Despite Rapid Advances, Studies Show AI Can’t Match Human Creativity
We have witnessed the remarkable rise of GenAI in recent times. The technology has transformed the way we interact with machines, opening doors to possibilities that once seemed impossible. From creating realistic images to composing music and generating narratives, GenAI has reshaped industries and empowered creators. However, can GenAI beat or even match human creativity?
While AI and machine learning (ML) algorithms are advancing rapidly, true creativity still remains uniquely human - at least, that’s what research suggests.
Mirco Musolesi, a computer scientist at the University College London (UCL), and Giorgio Franceschelli, an expert in AI and computational creativity at the University of Bologna, presented a paper that shows that GenAI output remains derivative, at least for now.
The researchers designed their own program to test LLM capabilities. The program was designed to measure creativity through Margaret Boden's three criteria of creativity: novelty, value, and surprise.
The evaluation in this study was more conceptual and theoretical rather than a formalized experimental test with quantifiable scores.
The findings of the study highlighted that LLMs can produce valuable and somewhat novel or surprising results. However, their design limits them from achieving deep and transformational creativity.

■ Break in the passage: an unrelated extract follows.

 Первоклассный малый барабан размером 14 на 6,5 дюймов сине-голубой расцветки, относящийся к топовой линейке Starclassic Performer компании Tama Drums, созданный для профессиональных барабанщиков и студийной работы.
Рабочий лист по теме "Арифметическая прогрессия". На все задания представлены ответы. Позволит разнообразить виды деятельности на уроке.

The LLMs lacked abilities essential to creativity such as social context and a broader perception of the world around us. The researchers concluded that while AI can help support human creators, it’s not going to match human creativity. Continual learning and fine-tuning of the models may improve their outputs over time, but the creativity will still remain simulated.

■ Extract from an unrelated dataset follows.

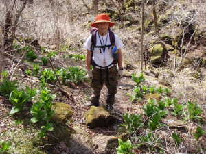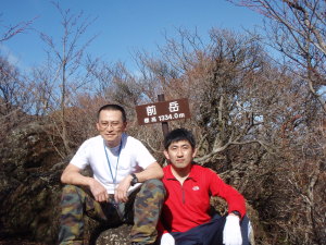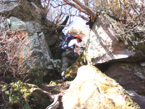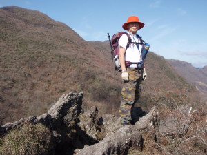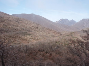 展望が開けた所で、大船山(左)、三俣山(中央)、平治岳(右)が見えます。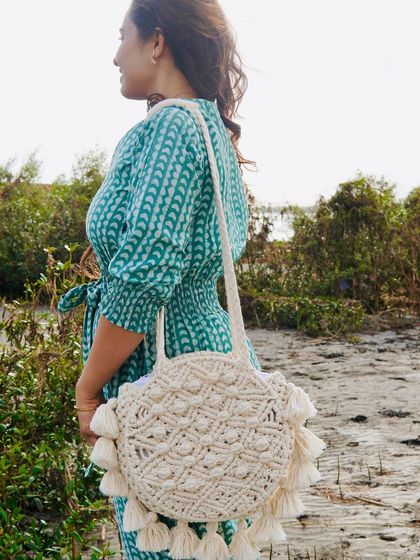 My boho macrame handbags come as clutches, slings, or even round purses. Most bags have a lining and a detachable strap, so you can go hands-free or keep it classic. They actually fit all your essentials - phone, wallet, makeup, even that random scrunchie.

“Specific fine-tuning techniques might help LLMs diversify productions and explore the conceptual space they learn from data,” noted the researchers in their paper. “Continual learning can enable long-term deployments of LLMs in a variety of contexts. While, of course, all these techniques would only simulate certain aspects of creativity, whether this would be sufficient to achieve artificial, i.e., non-human, creativity, is up to the humans themselves.”
Nanyun Peng, a computer scientist at the University of California, Los Angeles, and her team compared human and LLM capabilities for storytelling focusing on plot progression and narrative development. The research concluded that LLM-generated stories showed less diversity in story arcs and often struggled with pacing. The performance improved slightly with explicit instructions on story arcs.

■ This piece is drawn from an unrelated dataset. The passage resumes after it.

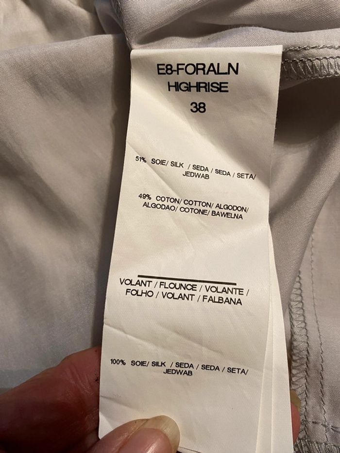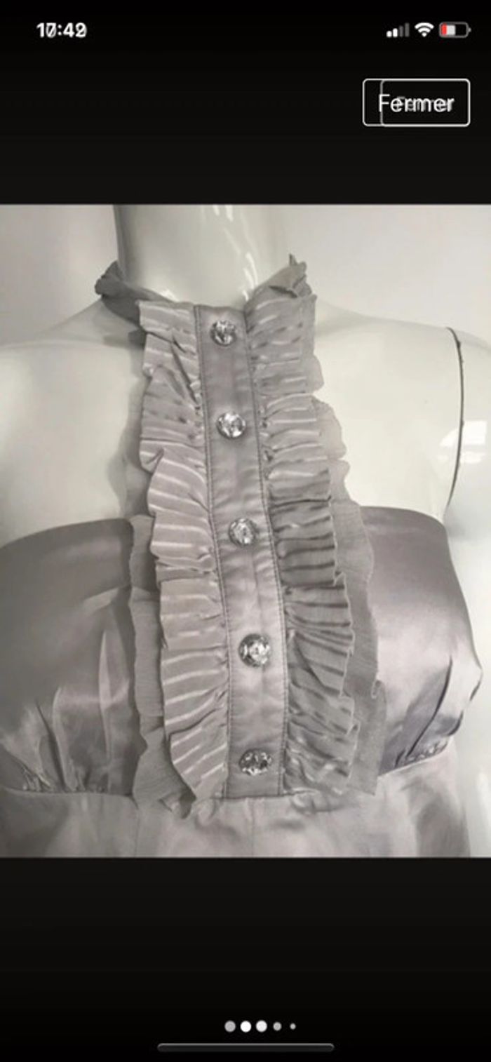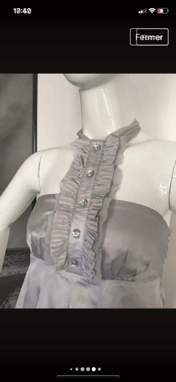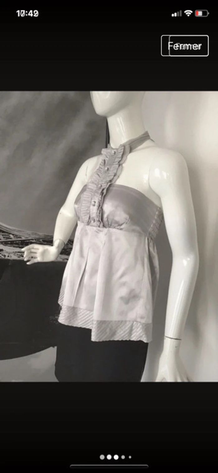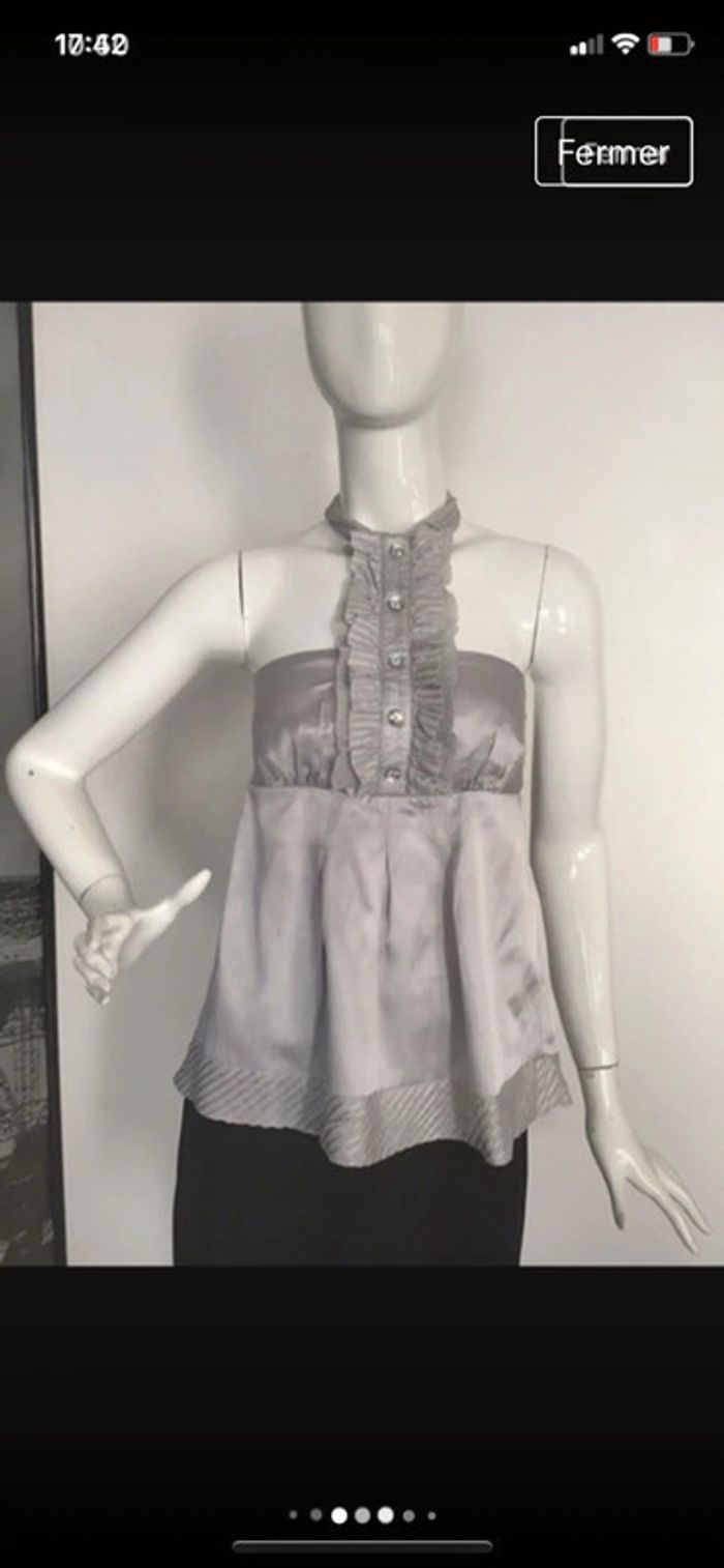 Top gris satiné à volants en soie À nouer derrière le cou (Matière satinée - soie et coton) Boutons décoratifs Bande élastique dans le dos #topdefete #topdesoirée #soie #morgan #tenuedefête #topépaulesdénudées #chantalmatejatenuedefete #chantalmatejamalo #chantalmateja2024

There’s no doubt that objectively testing the creativity of LLM models is tricky. Researchers have used various methods, including using their own judgment, based on their expertise, to analyze the creative outputs of LLMs. However, this raises an important question, are such methods reliable? Would a more systematic method provide a different conclusion?
In pursuit of more quantifiable methods to test LLM creativity, Ximing Lu, a computer scientist at the University of Washington, and her colleagues created a program that incorporates both objectivity and nuance in evaluating LLM outputs.
They designed a program, called DJ Search, that works by searching for identical or semantically similar phrases in online databases using AI-generated "embeddings" to represent word meanings. The tool calculates the ratio of novel content by removing matched phrases, producing a creativity index to measure linguistic novelty. The methodology used in the program is detailed in the paper published on arXiv.
According to Lu, LLMs put together pieces from existing works to make something special, much like a DJ remixing existing music. This is where the program’s name “DJSearch" comes from. While this remixing is valuable, it doesn't match the level of creativity involved in the original composition.
While Lu and her team used a more computational method, they reached a similar conclusion as Musolesi and Franceschelli that human-written texts are significantly more original than GenAI outputs.
“Our findings suggest that the content and writing style of machine-generated texts may be less original and unique, as they contain significantly more semantic and verbatim matches with existing web texts compared to high-quality human writings,” Lu wrote in her paper. “We hypothesize that this limited creativity in models may result from the current data-driven paradigm used to train LLMs.”